EXERCISE OBJECTIVE:
Output all of the data exactly as it appears, but leave out any pictures it contains.

GIVEN INFORMATION:
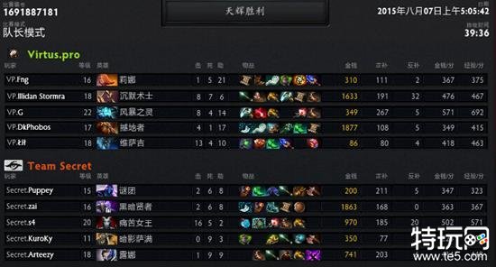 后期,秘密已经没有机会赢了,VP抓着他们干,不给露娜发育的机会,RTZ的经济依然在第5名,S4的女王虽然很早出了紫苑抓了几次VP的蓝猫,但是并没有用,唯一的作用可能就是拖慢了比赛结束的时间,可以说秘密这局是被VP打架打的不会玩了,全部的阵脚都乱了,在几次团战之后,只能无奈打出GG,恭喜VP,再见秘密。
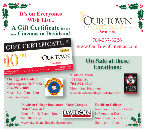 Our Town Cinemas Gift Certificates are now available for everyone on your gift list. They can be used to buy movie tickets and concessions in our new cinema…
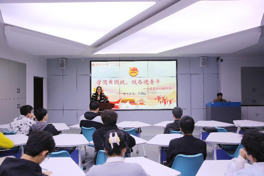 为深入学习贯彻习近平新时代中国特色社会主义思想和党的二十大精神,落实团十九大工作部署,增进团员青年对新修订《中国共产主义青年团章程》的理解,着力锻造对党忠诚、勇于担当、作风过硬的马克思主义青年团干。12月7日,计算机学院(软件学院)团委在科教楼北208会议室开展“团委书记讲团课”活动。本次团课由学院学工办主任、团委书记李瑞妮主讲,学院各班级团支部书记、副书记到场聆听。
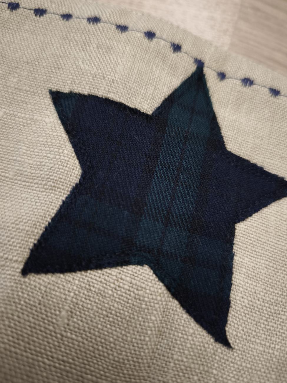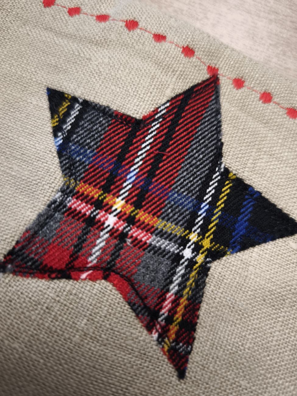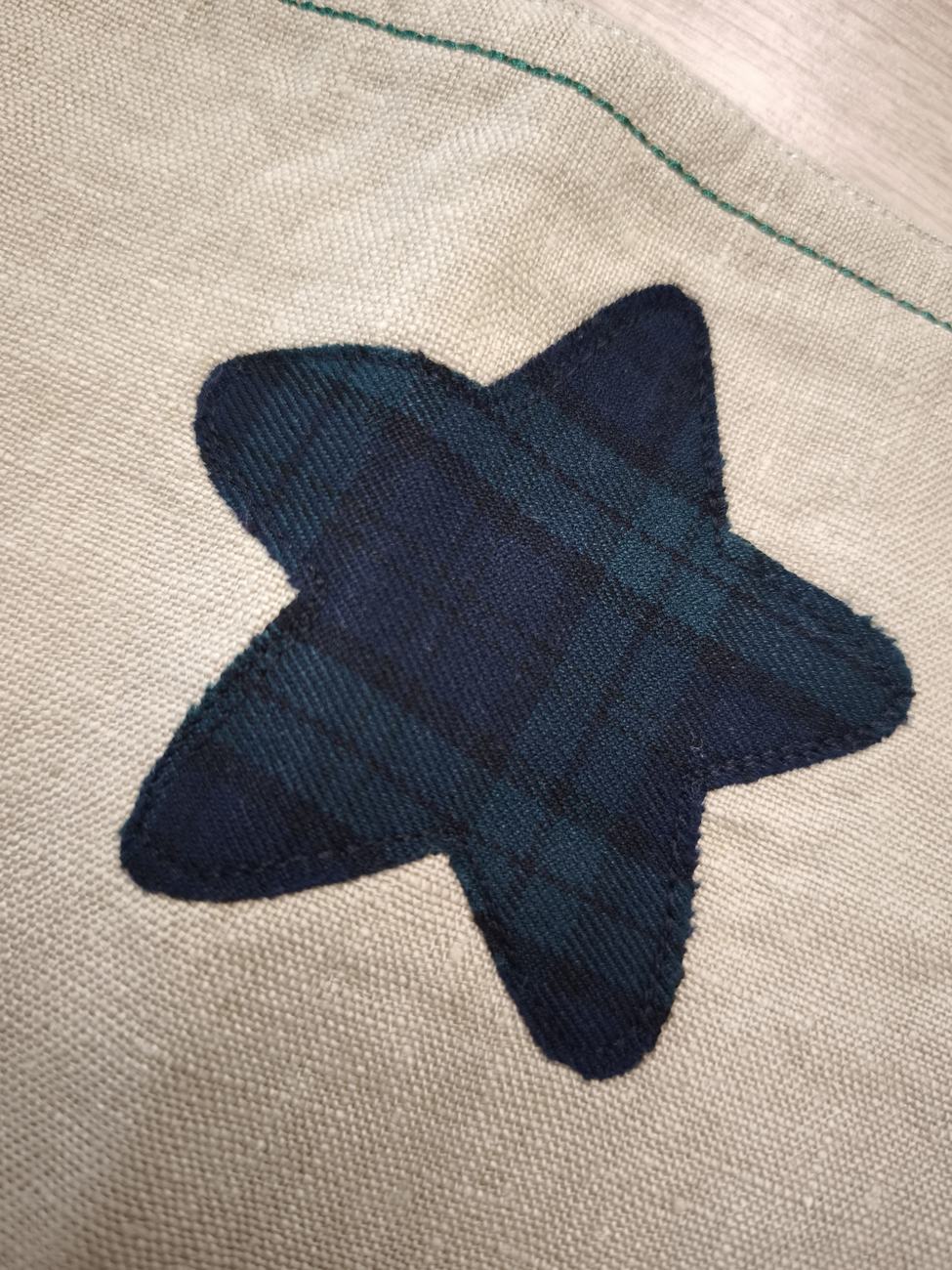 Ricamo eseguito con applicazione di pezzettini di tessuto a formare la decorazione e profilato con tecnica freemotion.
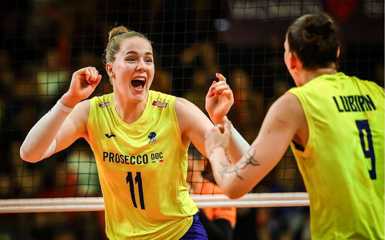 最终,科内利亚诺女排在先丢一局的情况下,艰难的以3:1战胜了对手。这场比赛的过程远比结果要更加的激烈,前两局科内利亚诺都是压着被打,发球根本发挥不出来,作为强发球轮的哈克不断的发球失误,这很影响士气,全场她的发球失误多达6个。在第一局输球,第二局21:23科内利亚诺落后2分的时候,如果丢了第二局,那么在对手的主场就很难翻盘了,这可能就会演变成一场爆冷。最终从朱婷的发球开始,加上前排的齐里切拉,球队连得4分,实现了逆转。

SOLUTION TO THIS PROBLEM:
 后期,秘密已经没有机会赢了,VP抓着他们干,不给露娜发育的机会,RTZ的经济依然在第5名,S4的女王虽然很早出了紫苑抓了几次VP的蓝猫,但是并没有用,唯一的作用可能就是拖慢了比赛结束的时间,可以说秘密这局是被VP打架打的不会玩了,全部的阵脚都乱了,在几次团战之后,只能无奈打出GG,恭喜VP,再见秘密。
 Our Town Cinemas Gift Certificates are now available for everyone on your gift list. They can be used to buy movie tickets and concessions in our new cinema…
 为深入学习贯彻习近平新时代中国特色社会主义思想和党的二十大精神,落实团十九大工作部署,增进团员青年对新修订《中国共产主义青年团章程》的理解,着力锻造对党忠诚、勇于担当、作风过硬的马克思主义青年团干。12月7日,计算机学院(软件学院)团委在科教楼北208会议室开展“团委书记讲团课”活动。本次团课由学院学工办主任、团委书记李瑞妮主讲,学院各班级团支部书记、副书记到场聆听。
 Ricamo eseguito con applicazione di pezzettini di tessuto a formare la decorazione e profilato con tecnica freemotion.
 最终,科内利亚诺女排在先丢一局的情况下,艰难的以3:1战胜了对手。这场比赛的过程远比结果要更加的激烈,前两局科内利亚诺都是压着被打,发球根本发挥不出来,作为强发球轮的哈克不断的发球失误,这很影响士气,全场她的发球失误多达6个。在第一局输球,第二局21:23科内利亚诺落后2分的时候,如果丢了第二局,那么在对手的主场就很难翻盘了,这可能就会演变成一场爆冷。最终从朱婷的发球开始,加上前排的齐里切拉,球队连得4分,实现了逆转。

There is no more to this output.